»»
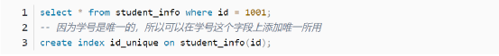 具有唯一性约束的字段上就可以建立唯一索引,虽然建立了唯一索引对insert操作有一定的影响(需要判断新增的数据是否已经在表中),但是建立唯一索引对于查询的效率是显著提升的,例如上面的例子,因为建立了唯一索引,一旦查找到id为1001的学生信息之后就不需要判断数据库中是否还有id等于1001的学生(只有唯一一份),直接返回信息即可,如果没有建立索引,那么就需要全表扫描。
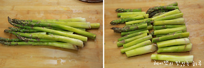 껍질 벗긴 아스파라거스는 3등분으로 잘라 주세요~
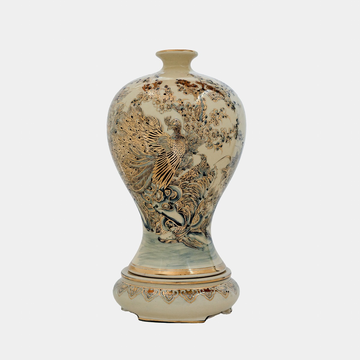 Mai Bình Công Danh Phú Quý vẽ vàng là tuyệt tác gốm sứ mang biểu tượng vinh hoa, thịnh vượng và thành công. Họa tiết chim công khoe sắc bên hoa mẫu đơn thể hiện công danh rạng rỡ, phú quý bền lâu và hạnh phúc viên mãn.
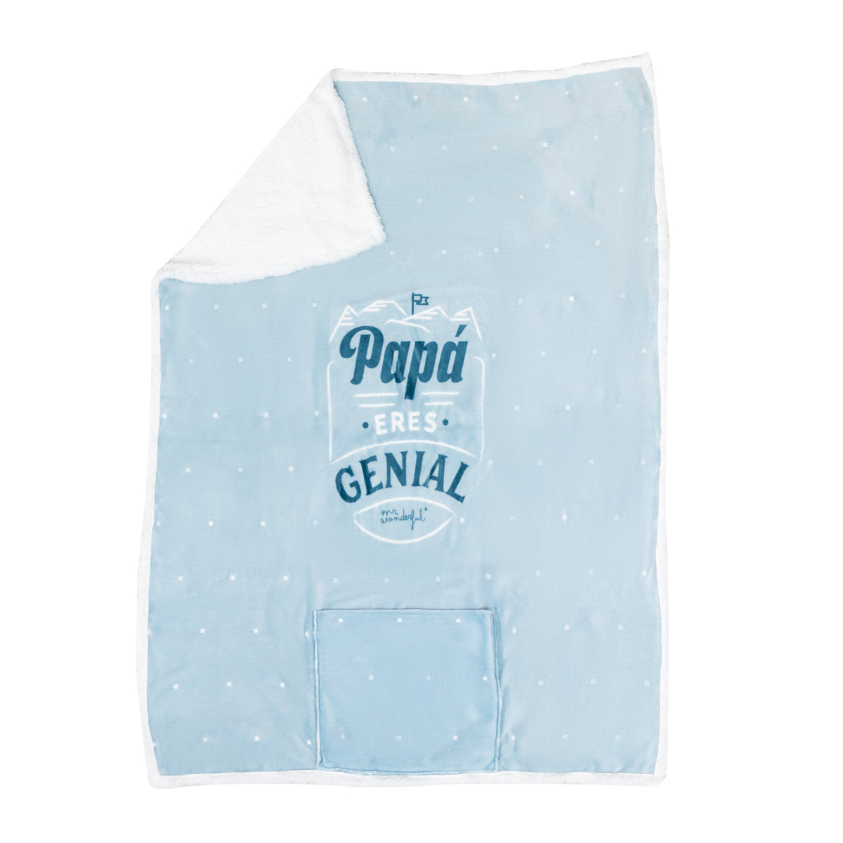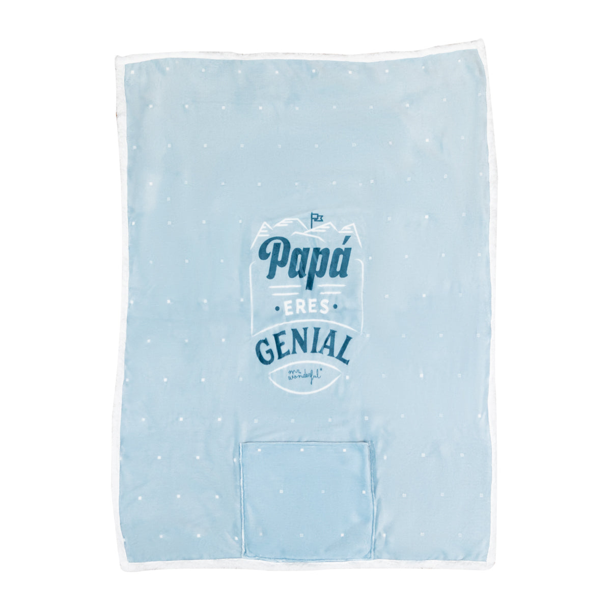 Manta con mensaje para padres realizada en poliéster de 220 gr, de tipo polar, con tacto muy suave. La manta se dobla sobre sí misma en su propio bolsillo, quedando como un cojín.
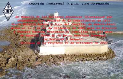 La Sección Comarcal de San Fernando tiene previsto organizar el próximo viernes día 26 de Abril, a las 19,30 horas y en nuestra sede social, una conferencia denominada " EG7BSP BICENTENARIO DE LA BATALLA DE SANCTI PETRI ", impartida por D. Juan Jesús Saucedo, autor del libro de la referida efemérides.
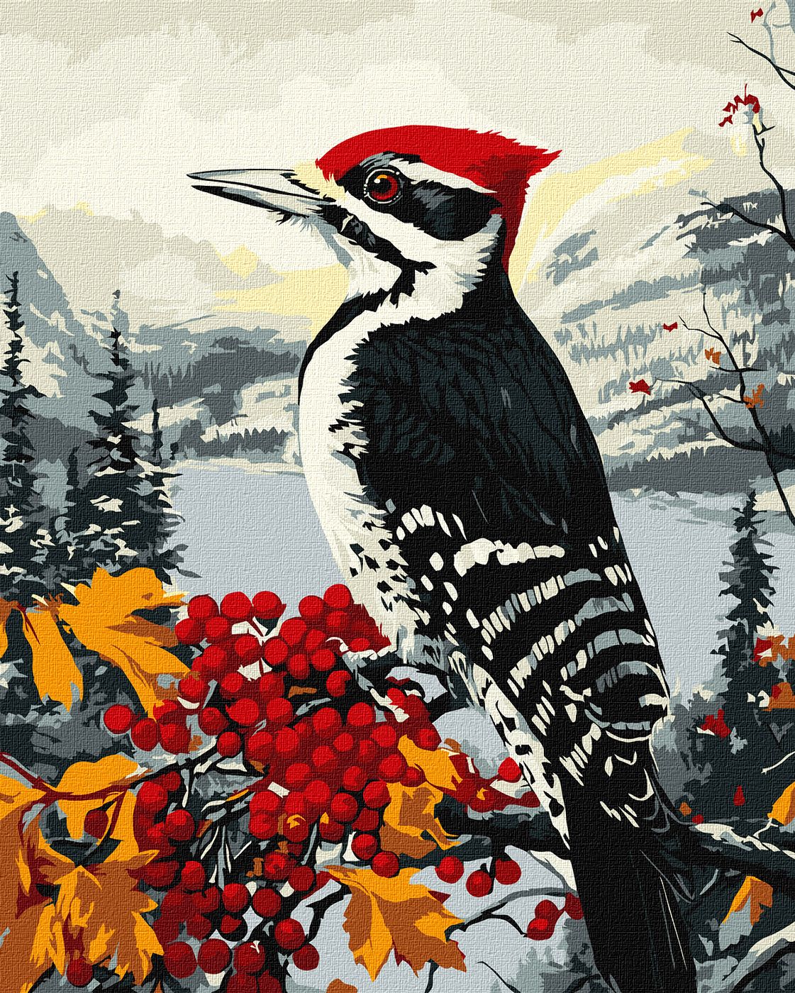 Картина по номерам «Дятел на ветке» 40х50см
««
EXERCISE: Transcribe all of the listing precisely. The images stay out of it.

RESPONSE BELOW:
 具有唯一性约束的字段上就可以建立唯一索引,虽然建立了唯一索引对insert操作有一定的影响(需要判断新增的数据是否已经在表中),但是建立唯一索引对于查询的效率是显著提升的,例如上面的例子,因为建立了唯一索引,一旦查找到id为1001的学生信息之后就不需要判断数据库中是否还有id等于1001的学生(只有唯一一份),直接返回信息即可,如果没有建立索引,那么就需要全表扫描。
 껍질 벗긴 아스파라거스는 3등분으로 잘라 주세요~
 Mai Bình Công Danh Phú Quý vẽ vàng là tuyệt tác gốm sứ mang biểu tượng vinh hoa, thịnh vượng và thành công. Họa tiết chim công khoe sắc bên hoa mẫu đơn thể hiện công danh rạng rỡ, phú quý bền lâu và hạnh phúc viên mãn.
 Manta con mensaje para padres realizada en poliéster de 220 gr, de tipo polar, con tacto muy suave. La manta se dobla sobre sí misma en su propio bolsillo, quedando como un cojín.
 La Sección Comarcal de San Fernando tiene previsto organizar el próximo viernes día 26 de Abril, a las 19,30 horas y en nuestra sede social, una conferencia denominada " EG7BSP BICENTENARIO DE LA BATALLA DE SANCTI PETRI ", impartida por D. Juan Jesús Saucedo, autor del libro de la referida efemérides.
 Картина по номерам «Дятел на ветке» 40х50см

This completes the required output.